Для нее это стало решением всех проблем. По крайней мере, сиюминутных. Но она мечтала и о будущем, о том, как, имея надежный источник дохода, станет сытно кормить и тепло одевать свое дитя, оплатит его обучение, поможет пробиться в жизни и занять в ней более или менее сносное положение. Одним словом, сделать карьеру. Скорей всего, она тогда все это себе представляла довольно смутно, твердо зная лишь одно: отныне она обрела возможность добывать деньги.

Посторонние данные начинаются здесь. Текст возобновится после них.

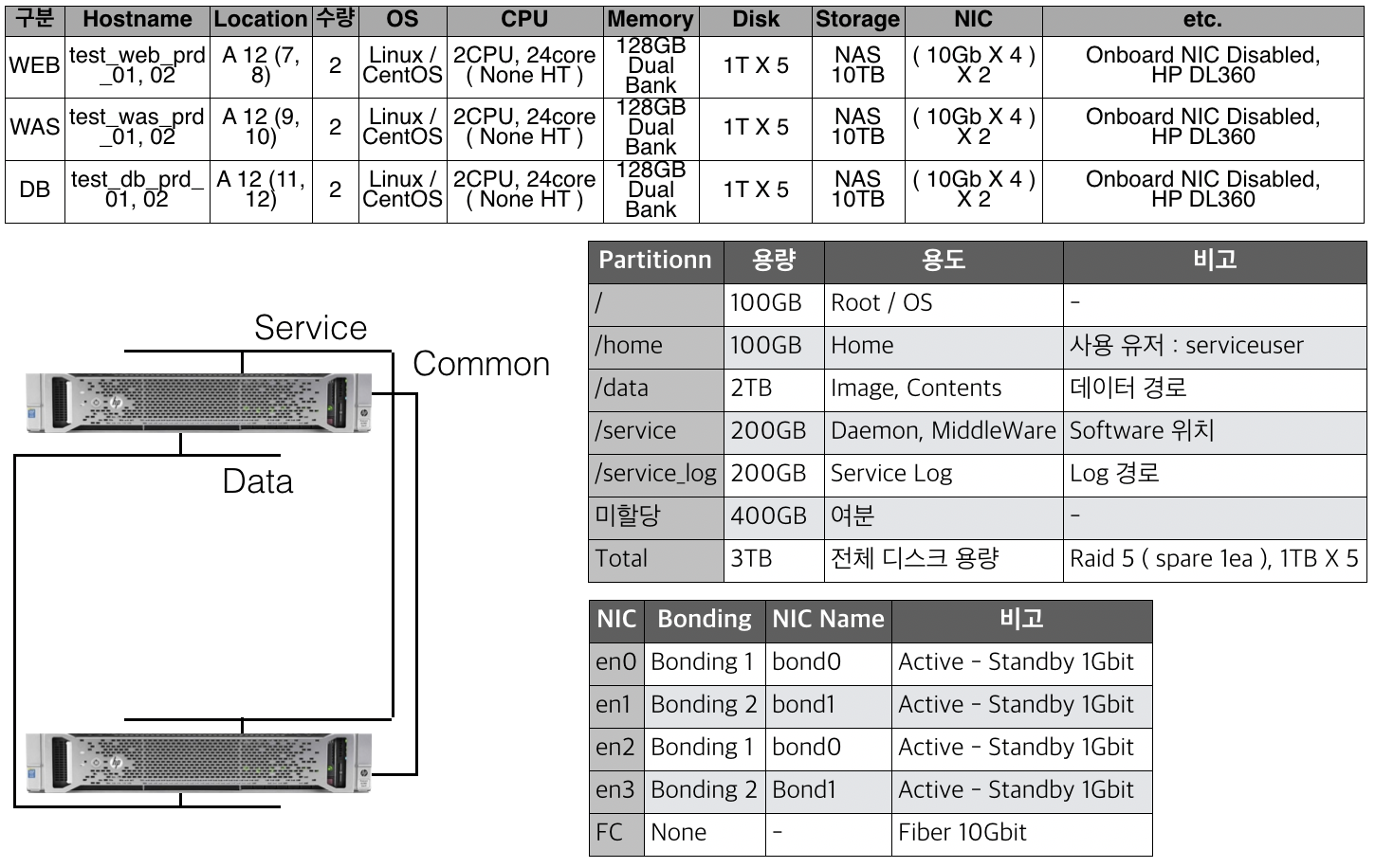 서버는 각 서버별, 혹은 서버 종류별로 구분하고, 가능한 동일하게 구성한다. Hostname 의 경우 OS 를 설치할때도 구성하지만, 동일하게 서버에서도 정의하고 관리시에 오차가 없게 한다. 서버의 위치도 정확하게 기록하고 CPU 와 RAM 그리고 Disk 또한 용량과 수량을 정확히 ( 가능하면 속도와 종류를 알고 있어야 한다. Disk의 경우 자주 문제가 생기는 부분이고 교체를 위해서도 정확히 알아둔다. Disk는 1장을 사용하는것은 아니고 Raid 를 사용하여 이중화 혹은 다중화를 하여 속도와 데이터의 안정성을 추구한다. 예를 들면, 1TB Disk 5장에 여유디스크 1장을 사용하게 된다면, 실제 사용할 수 있는 Disk의 용량은 3TB가 된다. 속도또한 2배이상 빨라진다고 보면된다. 그래서 2장 혹은 1장을 쓰는 Raid 0 혹은 1은 속도의 이득은 없다. Disk로 인한 속도 저하는 심각할 수 있으므로 가능한 빠른 디스크 사용방식을 선택해야 한다. 최근에는 SSD 의 사용을 많이 하므로 SSD 의 적용도 적극적으로 검토하는것이 좋다.

Нельзя сказать, что идея зарабатывать средства к существованию, продавая себя, никогда прежде не приходила ей в голову. Холодными ночами, замерзая в своем шалаше, она согласилась бы на что угодно, лишь бы погреться у очага и выспаться под крышей. Но в душе ее еще живы были моральные установки, и принципы, и, если хотите, предрассудки, усвоенные в детстве, в родительском доме, а потому она гнала от себя соблазн обрести кров и относительный достаток, сделавшись продажной женщиной. Однако ночь, проведенная в обществе рыцарей и их низкорослого слуги, положила конец ее колебаниям, ее упрямству. И главную роль в этом сыграло воспоминание о том, с какой легкостью ей удалось отключиться от происходившего и мысленно перенестись в волшебный мир покоя и безмятежности. Погрузившись в это сладостное полузабытье, она испытала ни с чем не сравнимую радость. Перспектива возвращения в это сказочное царство ее очень даже прельщала. А если ей за это станут еще и деньги давать… то лучшего себе и представить было нельзя. Чудесное путешествие да вдобавок щедрое вознаграждение.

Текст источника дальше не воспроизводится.